● **WHAT THE TASK REQUIRES**
An exact copy of every record below is needed, with all pictures removed.
+--
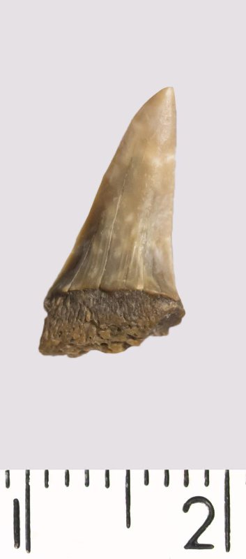 Зуб (фрагмент). Акула. Rhaphiodus sp. Классификация: Хордовые Chordata, Позвоночные Vertebrata, Хрящевые рыбы Chondrichthyes, Пластиножаберные Elasmobranchii
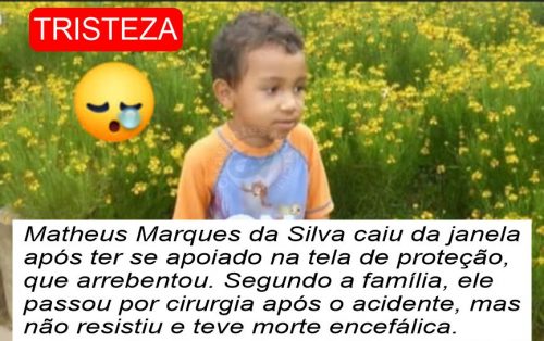 Matheus Marques da Silva caiu da janela após ter se apoiado na tela de proteção, que arrebentou. Segundo a família, ele passou por cirurgia após o acidente, mas não resistiu e teve morte encefálica.
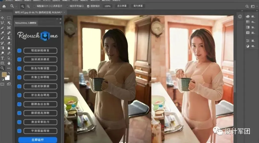 用传统的商业修图技法,你花1~2小时,用这个款插件也许只要3分钟搞定。
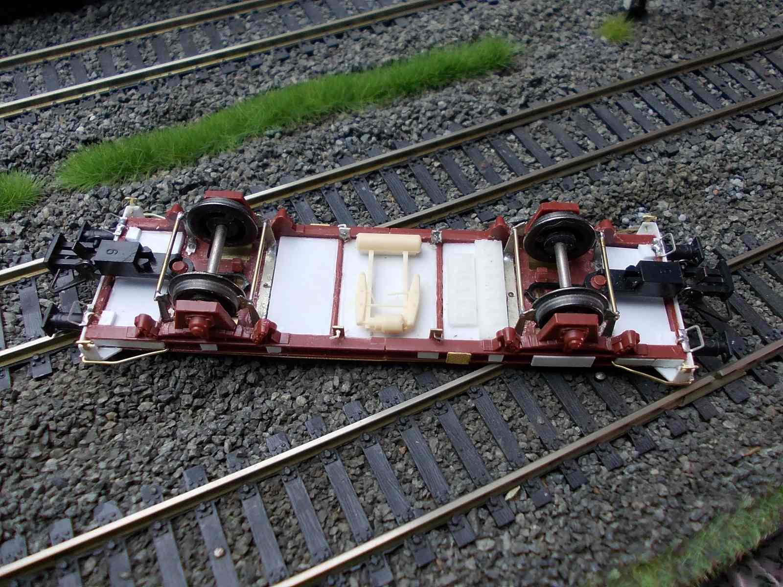 De construction assez simple voici le wagon raccord,qui servait à une époque entre autres tâches,attelé au graisseur de caténaires,de protéger les machines des éventuelles projections de graisse.
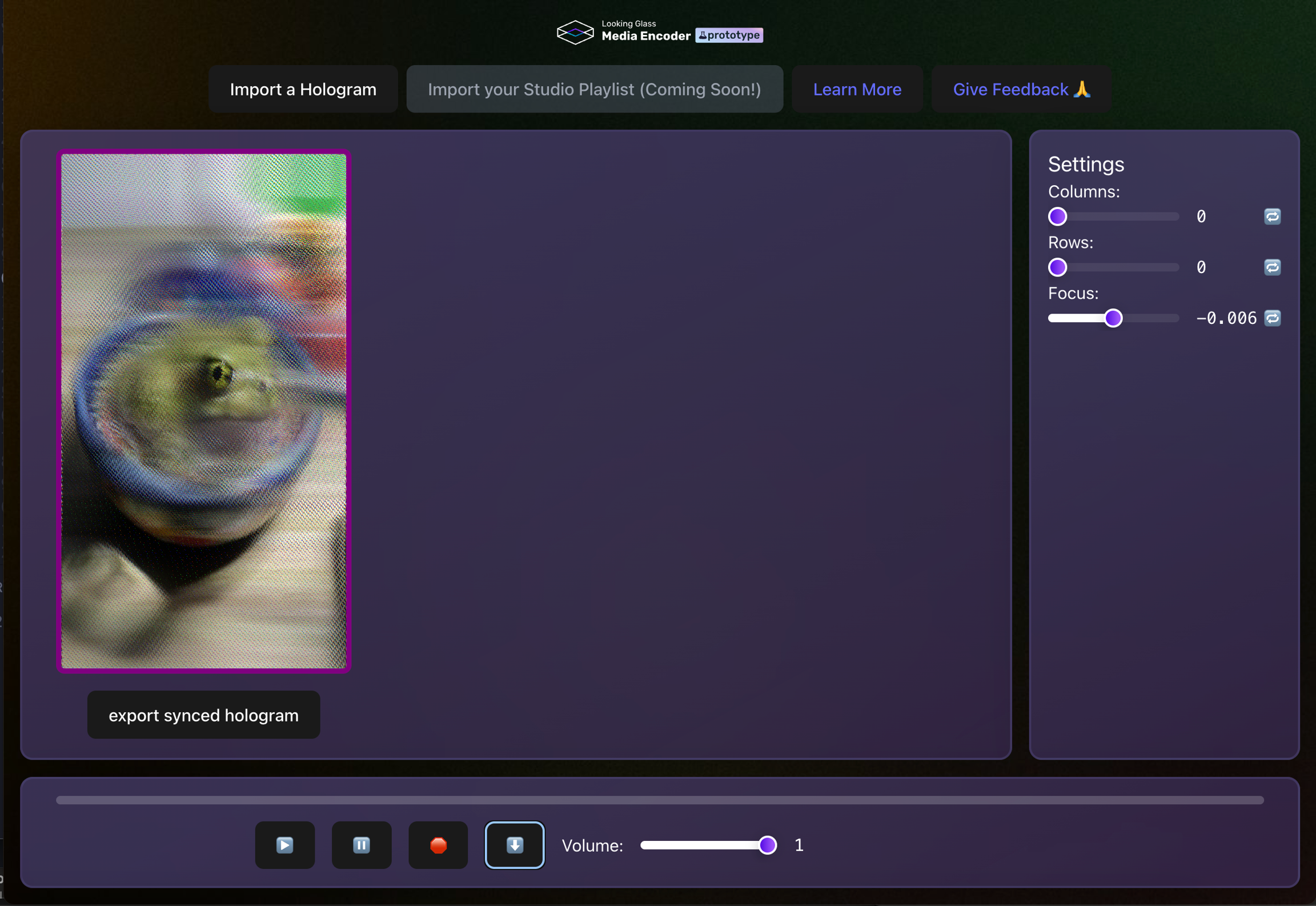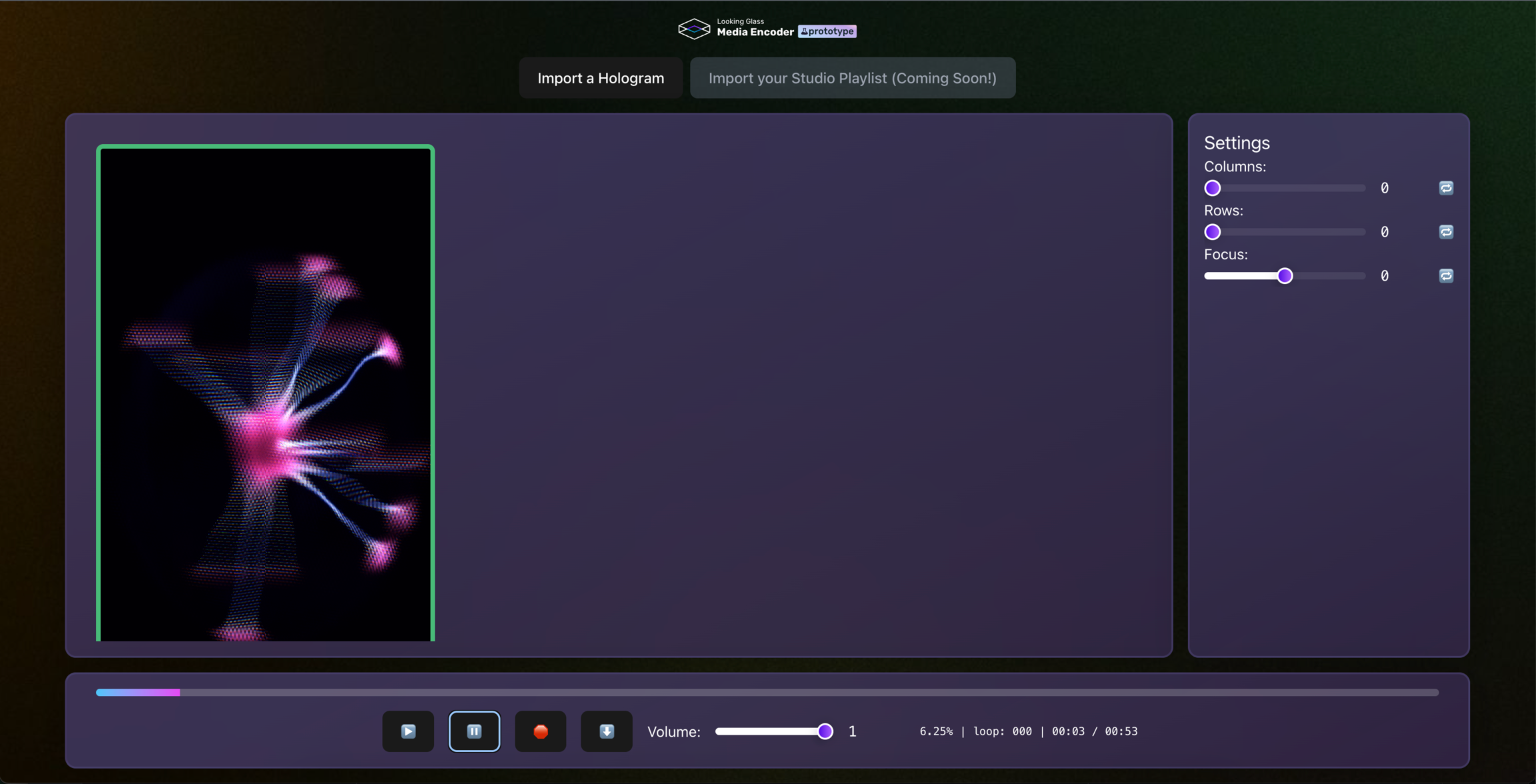 Looking Glass Media Encoder is a web based application that leverages WebCodecs and WebGPU to render hardware-accelerated image and video content on your Looking Glass display.
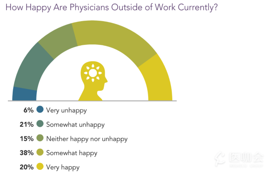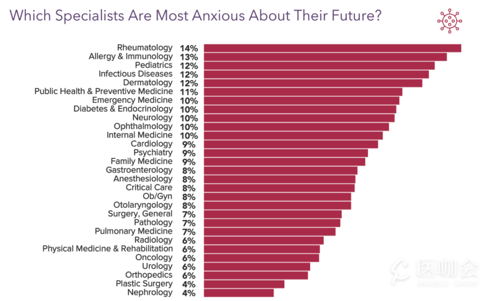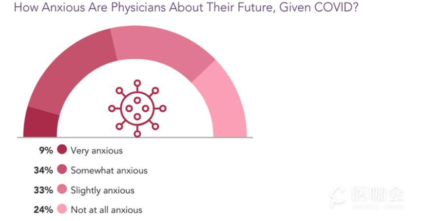 24%的医生表示对于未来没有焦虑感。这与另外一项关于大众的调研类似,23%的人表示对未来不担忧。
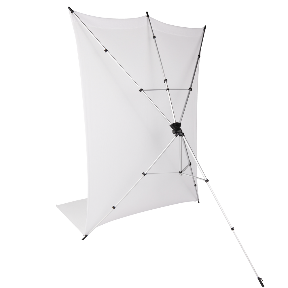 The Frame of the X-drop background set consists of high quality and robust aluminum. The rubber feet ensure a safe stand of the system on all substrates. The Background also has one Hook to attach weightsto ensure maximum stability and stability. Due to its high flexibility for use, it is both Indoor as well as outdoor suitable. The structure of the frame is quick and easy and does not require any additional tools.
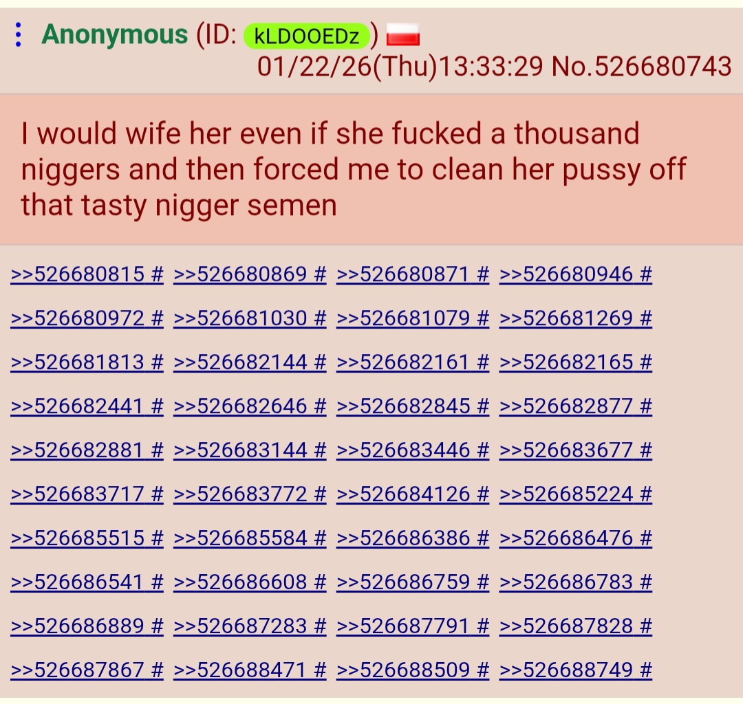 I would wife her even if she fucked a thousand niggers and then forced me to clean her pussy off that tasty nigger semen
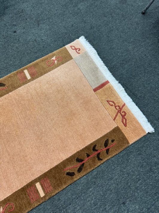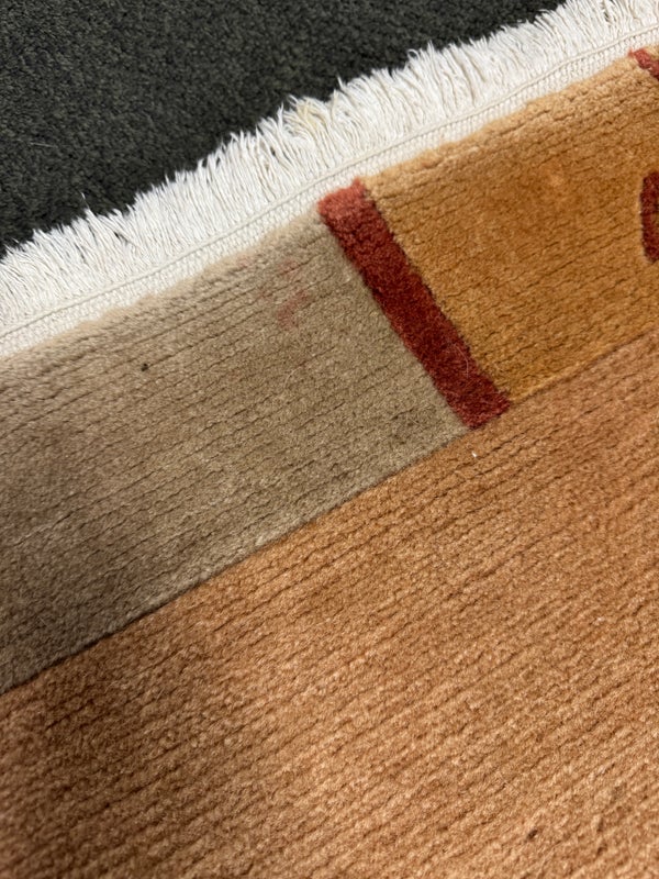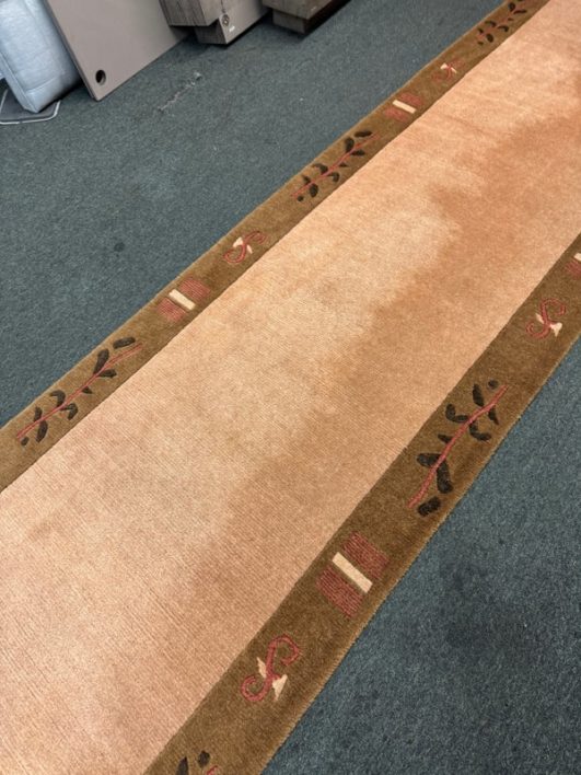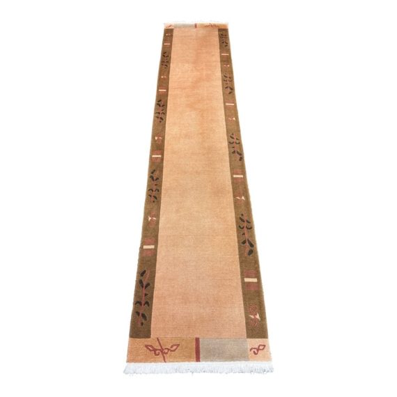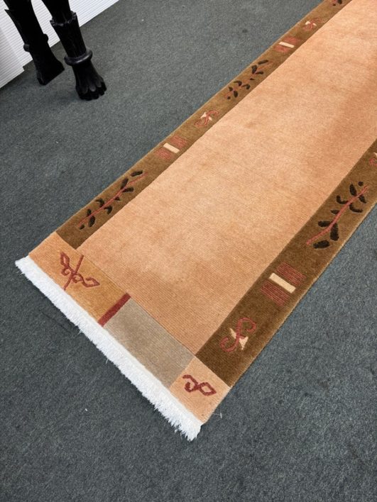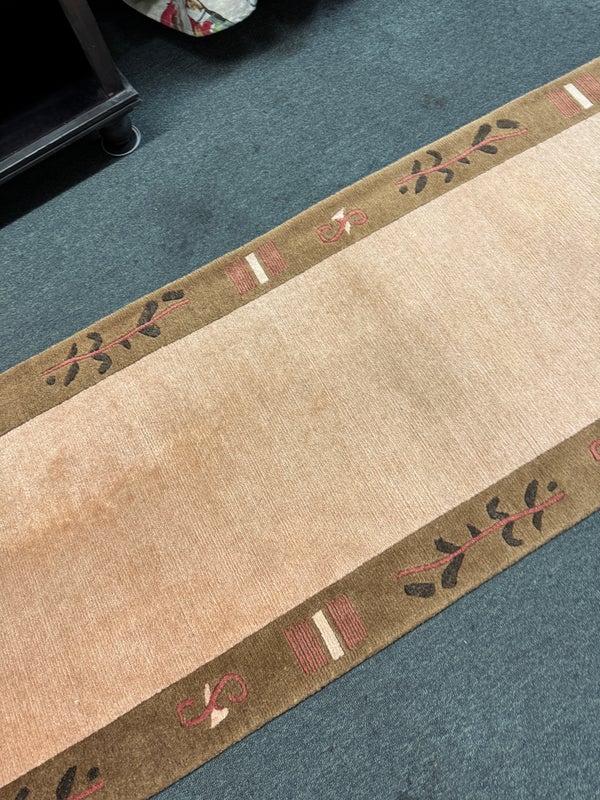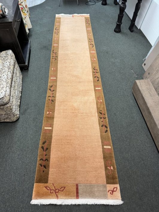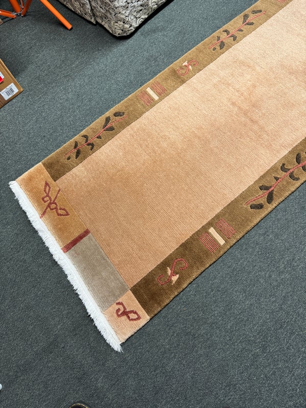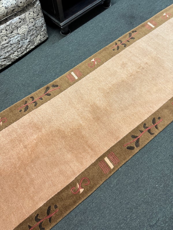 Design Plus Gallery presents a 2ft 6in X 11ft 10in Runner Rug of Nepalese Origin. Handmade the rug is simple, elegant and eye-catching. Transistional style rug with Brown, Cream, Khaki accent colors. Imported from Nepal and crafted using the finest weaving techniques. Hand-knotted and constructed from 100% Wool with Cotton foundation. Is in good condition with wear that is consistent with its age + use.
+--
● **ANSWER SECTION**
 Зуб (фрагмент). Акула. Rhaphiodus sp. Классификация: Хордовые Chordata, Позвоночные Vertebrata, Хрящевые рыбы Chondrichthyes, Пластиножаберные Elasmobranchii
 Matheus Marques da Silva caiu da janela após ter se apoiado na tela de proteção, que arrebentou. Segundo a família, ele passou por cirurgia após o acidente, mas não resistiu e teve morte encefálica.
 用传统的商业修图技法,你花1~2小时,用这个款插件也许只要3分钟搞定。
 De construction assez simple voici le wagon raccord,qui servait à une époque entre autres tâches,attelé au graisseur de caténaires,de protéger les machines des éventuelles projections de graisse.
 Looking Glass Media Encoder is a web based application that leverages WebCodecs and WebGPU to render hardware-accelerated image and video content on your Looking Glass display.
 24%的医生表示对于未来没有焦虑感。这与另外一项关于大众的调研类似,23%的人表示对未来不担忧。
 The Frame of the X-drop background set consists of high quality and robust aluminum. The rubber feet ensure a safe stand of the system on all substrates. The Background also has one Hook to attach weightsto ensure maximum stability and stability. Due to its high flexibility for use, it is both Indoor as well as outdoor suitable. The structure of the frame is quick and easy and does not require any additional tools.
 I would wife her even if she fucked a thousand niggers and then forced me to clean her pussy off that tasty nigger semen
 Design Plus Gallery presents a 2ft 6in X 11ft 10in Runner Rug of Nepalese Origin. Handmade the rug is simple, elegant and eye-catching. Transistional style rug with Brown, Cream, Khaki accent colors. Imported from Nepal and crafted using the finest weaving techniques. Hand-knotted and constructed from 100% Wool with Cotton foundation. Is in good condition with wear that is consistent with its age + use.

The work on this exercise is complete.